Aussetzung des Verfahrens wegen Löschungsantrag gegen Gebrauchsmuster und Einspruch gegen EP-Patent
KI-Zusammenfassung
Die Beklagte hat beim DPMA die Löschung des streitgegenständlichen Klagegebrauchsmusters beantragt und beim EPA Einspruch gegen das europäische Patent erhoben. Das Landgericht Düsseldorf hat die Verhandlung nach § 19 GebrMG i.V.m. § 148 ZPO bis zur erstinstanzlichen Entscheidung der Verwaltungsstellen ausgesetzt. Begründend führte das Gericht Zweifel an der Bestandsfähigkeit der geltend gemachten Schutzrechte an. Der Streitwert wurde auf 500.000 € festgesetzt.
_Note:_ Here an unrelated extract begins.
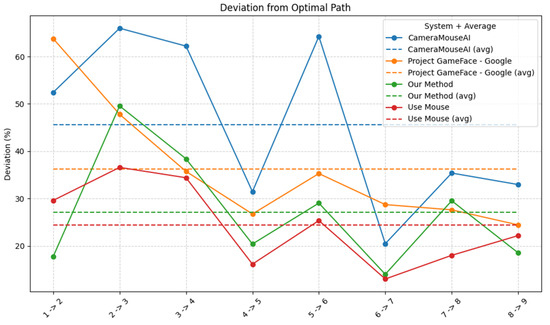 We measured the system’s accuracy by calculating the deviation of four systems (CameraMouseAI, Project GameFace (Googl)e, our method (3M-HCI), and normal mouse) from the optimal path (straight path) to the target, along with the number of clicks required to complete the task. The results are presented in Figure 9 and Figure 10 below.
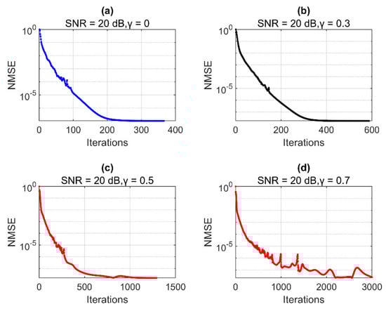 The plots in Figure 7a–d show the relative error versus the number of iterations converging to the threshold when 0, 0.3, 0.5, 0.7, respectively. For example, the proposed method takes about 300 iterations to reach the threshold in Figure 7b, compared to the baseline l1 regularization with roughly 200 iterations in Figure 7a. Rank estimation is crucial for channel estimation when the number of multipath is unknown. It is worthy to get a significantly improved rank estimation success rate at the expense of slightly more iterations.

Ausgang: Verhandlung bis zur Entscheidung des DPMA über die Löschung des Gebrauchsmusters oder der Einspruchsabteilung des EPA über den europäischen Patentbestand ausgesetzt
Abstrakte Rechtssätze
Das Gericht kann nach § 19 GebrMG i.V.m. § 148 ZPO den Zivilprozess aussetzen, wenn ein anhängiges verwaltungs- oder einspruchsrechtliches Verfahren über die Bestandsfähigkeit des geltend gemachten Schutzrechts die zivilrechtliche Entscheidung beeinträchtigen kann.
Eine Aussetzung ist insbesondere geboten, wenn ernsthafte Zweifel an der Bestandfähigkeit des Schutzrechts bestehen, deren Klärung durch die zuständigen Verwaltungsinstanzen geeignet ist, das streitige Rechtsverhältnis zu verändern.
Die Entscheidung über die Aussetzung liegt im Ermessen des Gerichts; dieses hat die Erfolgsaussichten und die prozessualen sowie wirtschaftlichen Folgen einer Fortführung des Verfahrens abzuwägen.
Das Gericht kann trotz Aussetzung der Hauptsache Verfahrensfragen wie die Streitwertfestsetzung regeln, um prozessuale Rechtsfolgen und Gebührenfragen zu bestimmen.
Tenor
I. Die Verhandlung wird bis zur erstinstanzlichen Entscheidung entweder des Deutschen Patent- und Markenamtes über die von der Beklagten gegen das Klagegebrauchsmuster X beantragte Löschung oder der Einspruchsabteilung des Europäischen Patentamtes über den von der Beklagten gegen den Rechtsbestand des europäischen Patentes EP X erhobenen Einspruch ausgesetzt.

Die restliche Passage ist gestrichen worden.